» Supplied data
BEGIN
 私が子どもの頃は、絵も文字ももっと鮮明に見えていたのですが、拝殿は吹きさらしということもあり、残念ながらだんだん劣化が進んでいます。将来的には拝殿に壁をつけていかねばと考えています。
END
BEGIN
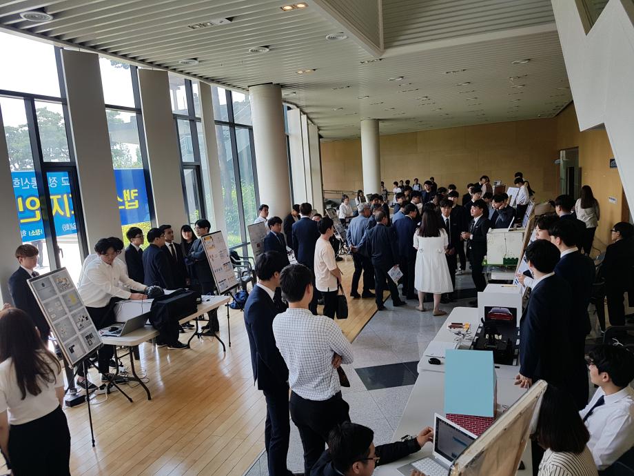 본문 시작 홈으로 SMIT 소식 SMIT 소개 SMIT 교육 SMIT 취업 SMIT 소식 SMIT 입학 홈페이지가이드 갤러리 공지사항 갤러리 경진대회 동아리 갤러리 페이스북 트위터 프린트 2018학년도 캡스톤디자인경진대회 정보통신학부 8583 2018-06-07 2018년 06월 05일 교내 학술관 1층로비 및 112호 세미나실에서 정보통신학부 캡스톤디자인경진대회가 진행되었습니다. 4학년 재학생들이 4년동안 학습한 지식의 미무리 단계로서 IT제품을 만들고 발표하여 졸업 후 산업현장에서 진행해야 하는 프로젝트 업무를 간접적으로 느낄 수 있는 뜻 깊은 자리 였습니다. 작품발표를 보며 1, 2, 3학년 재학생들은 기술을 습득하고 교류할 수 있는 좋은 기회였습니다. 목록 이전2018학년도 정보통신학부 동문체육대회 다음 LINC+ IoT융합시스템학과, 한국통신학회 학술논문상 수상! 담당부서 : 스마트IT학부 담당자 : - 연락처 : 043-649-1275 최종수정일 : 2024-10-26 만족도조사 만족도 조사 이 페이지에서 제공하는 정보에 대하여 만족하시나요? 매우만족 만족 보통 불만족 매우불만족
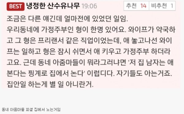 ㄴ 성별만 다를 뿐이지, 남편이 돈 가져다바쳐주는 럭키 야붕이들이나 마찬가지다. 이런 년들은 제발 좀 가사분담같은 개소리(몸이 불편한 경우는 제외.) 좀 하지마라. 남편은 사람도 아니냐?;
END
BEGIN
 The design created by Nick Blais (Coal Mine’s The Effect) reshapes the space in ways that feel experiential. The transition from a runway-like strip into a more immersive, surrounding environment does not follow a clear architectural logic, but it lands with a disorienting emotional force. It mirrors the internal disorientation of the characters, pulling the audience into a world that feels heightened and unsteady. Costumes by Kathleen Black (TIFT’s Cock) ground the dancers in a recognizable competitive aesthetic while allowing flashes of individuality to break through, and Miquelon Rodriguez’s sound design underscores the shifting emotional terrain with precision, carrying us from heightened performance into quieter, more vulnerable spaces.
END
» Exercise objective
Your copy should hold only the lines above from the one containing "본문 시작 홈으로 SMIT" through the one containing "ㄴ 성별만 다를 뿐이지, 남편이", exactly as written and free of pictures.

» Exercise answer
 본문 시작 홈으로 SMIT 소식 SMIT 소개 SMIT 교육 SMIT 취업 SMIT 소식 SMIT 입학 홈페이지가이드 갤러리 공지사항 갤러리 경진대회 동아리 갤러리 페이스북 트위터 프린트 2018학년도 캡스톤디자인경진대회 정보통신학부 8583 2018-06-07 2018년 06월 05일 교내 학술관 1층로비 및 112호 세미나실에서 정보통신학부 캡스톤디자인경진대회가 진행되었습니다. 4학년 재학생들이 4년동안 학습한 지식의 미무리 단계로서 IT제품을 만들고 발표하여 졸업 후 산업현장에서 진행해야 하는 프로젝트 업무를 간접적으로 느낄 수 있는 뜻 깊은 자리 였습니다. 작품발표를 보며 1, 2, 3학년 재학생들은 기술을 습득하고 교류할 수 있는 좋은 기회였습니다. 목록 이전2018학년도 정보통신학부 동문체육대회 다음 LINC+ IoT융합시스템학과, 한국통신학회 학술논문상 수상! 담당부서 : 스마트IT학부 담당자 : - 연락처 : 043-649-1275 최종수정일 : 2024-10-26 만족도조사 만족도 조사 이 페이지에서 제공하는 정보에 대하여 만족하시나요? 매우만족 만족 보통 불만족 매우불만족
 ㄴ 성별만 다를 뿐이지, 남편이 돈 가져다바쳐주는 럭키 야붕이들이나 마찬가지다. 이런 년들은 제발 좀 가사분담같은 개소리(몸이 불편한 경우는 제외.) 좀 하지마라. 남편은 사람도 아니냐?;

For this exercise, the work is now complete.